Is Chainlink REALLY ready for a sustained rally
Disclaimer: The findings of the following analysis are the sole opinions of the writer and should not be considered investment advice
Chainlink seemed to be looking bullish once again on the charts after a parallel channel breakout. Moreover, a golden cross on the daily timeframe can be expected to play favorably for LINK and provide an external push over the long run.
However, there are a few near-term hurdles too. Low trading volumes and market momentum continue to plague the market. These factors increase the chances of a throwback within the pattern before LINK advances to higher levels. At the time of writing, LINK was valued at $31.6, up by 4.5% over the last 24 hours.
Chainlink Hourly Chart
Chainlink maneuvered within a parallel channel over the past week as the price revisited certain highs and lows. A successful breakout above the upper trendline allowed LINK to climb above the $31.5 mark for the first time since the 7 September flash crash. Next few targets lay at the $33 and $34 price levels, both of which would allow for a retest of 6 September’s swing high of $36.35.
However, there were some signs that were not very encouraging. For instance, the 24-hour trading volumes have been relatively weak over the past couple of days. Whenever a breakout occurs on low volumes, chances of a throwback are significantly high.
In such a case, LINK would shift back towards the defensive region of $29.5-$30 and reset before the next upcycle. On the other hand, a ‘fakeout’ would be confirmed if the price slips back within the pattern.
Reasoning
As LINK saw higher levels immediately after the breakout, the RSI formed lower peaks. This bearish divergence did not play out as expected as the index held above the half-line. However, the index failed to assert itself above the overbought region once again.
From here, an inference can be drawn that LINK’s breakout lacks the conviction to sustain itself at its current level.
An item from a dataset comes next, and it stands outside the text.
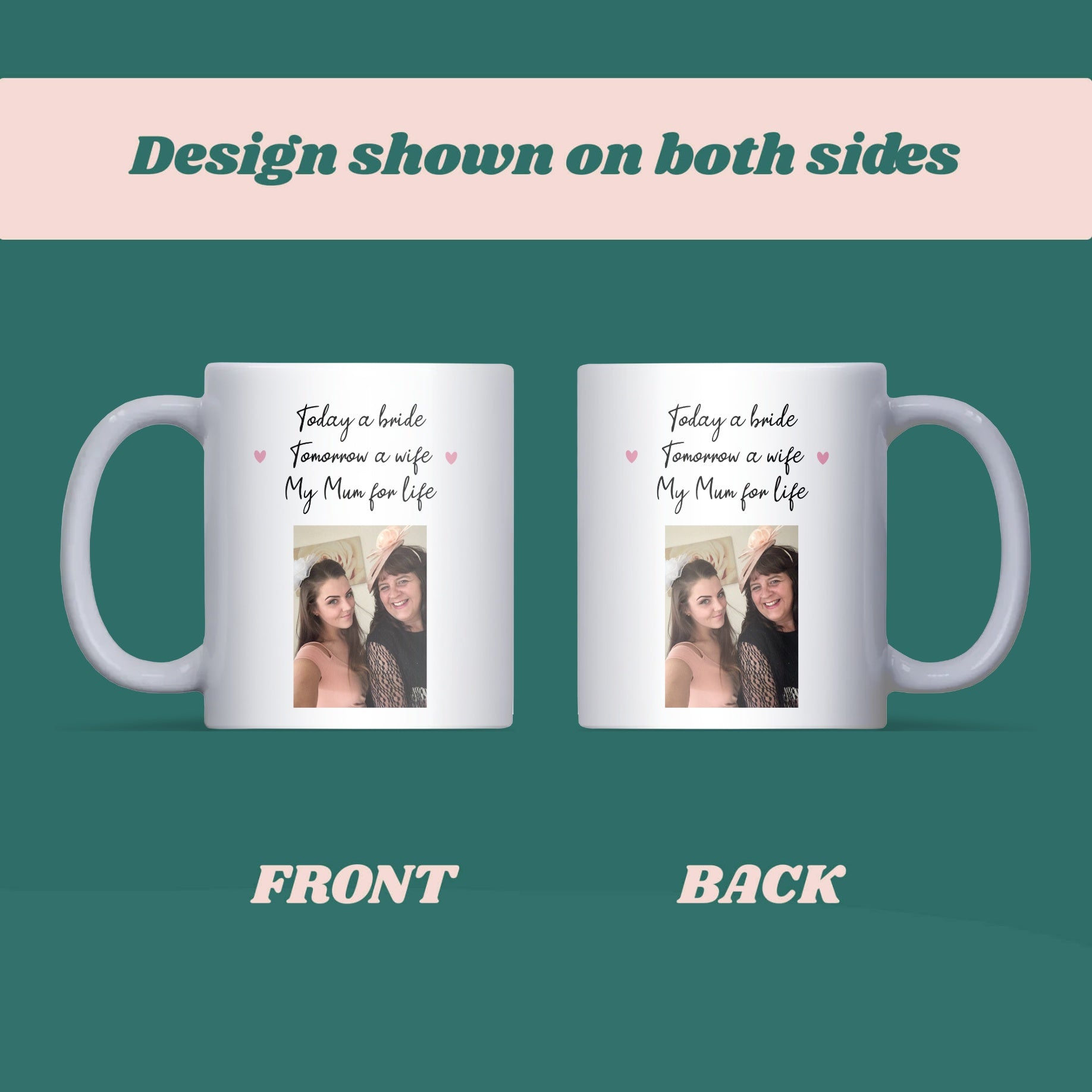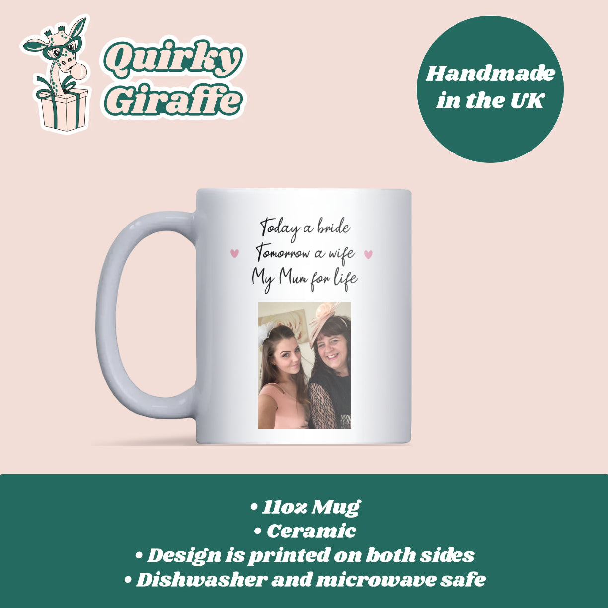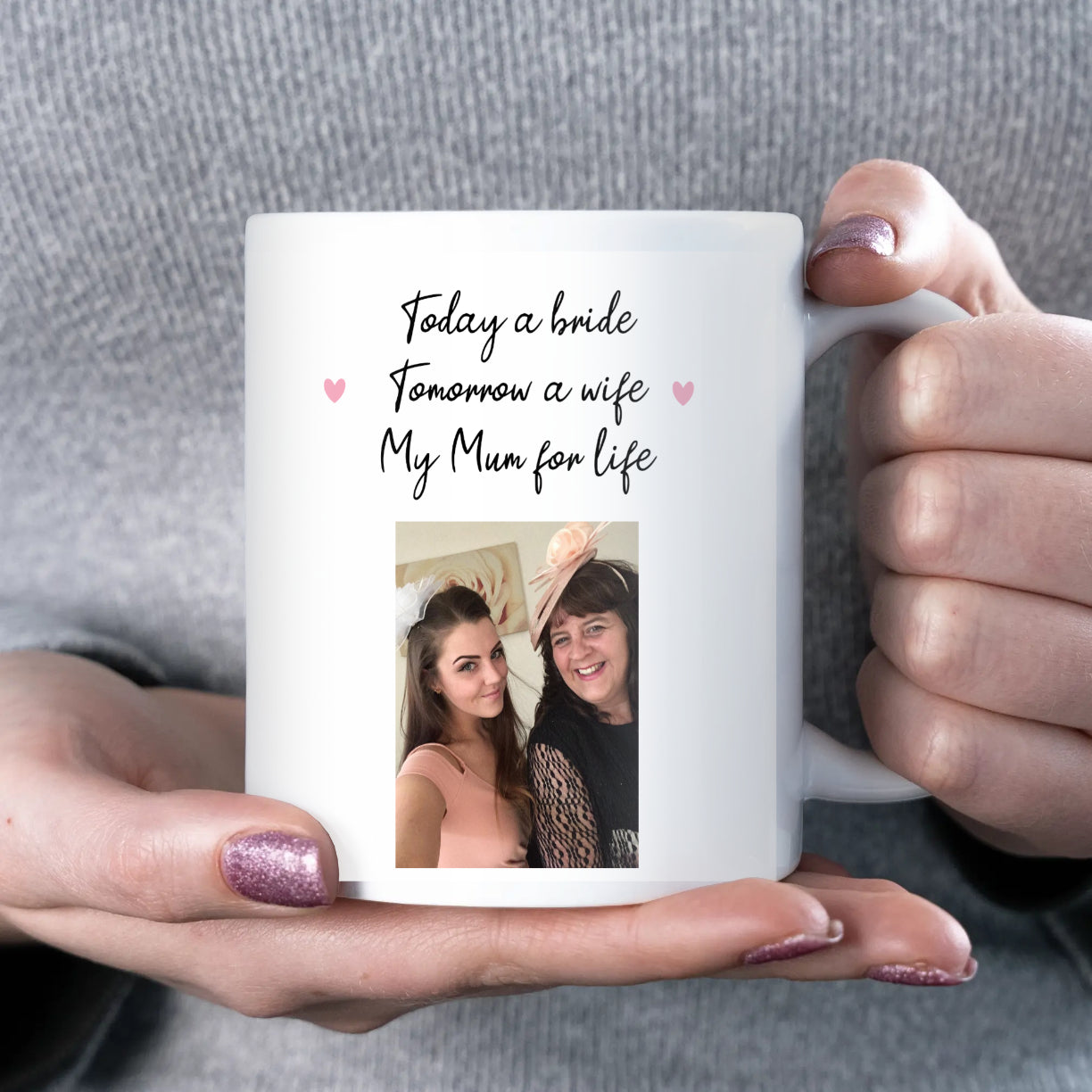 Celebrate your mum on your wedding day with this personalised Today a Bride, Tomorrow a Wife mug. Personalise with an image of both the bride and mum — a heartfelt keepsake gift to show love and appreciation. Perfect as a sentimental wedding gift from daughter to mum.

Similarly, while the Awesome Oscillator negated a bearish twin peak, some selling pressure had started to trickle into the market. Meanwhile, the MACD was in a state of equilibrium. The risk of a potential sell-off will be minimal as long as these indicators hold their positions above their mid-lines.
Conclusion
Based on the aforementioned factors, LINK does not have the legs to continue its upwards journey just yet. A throwback to $29.5-$30 can be expected, levels from where buyers can tackle certain highs once again.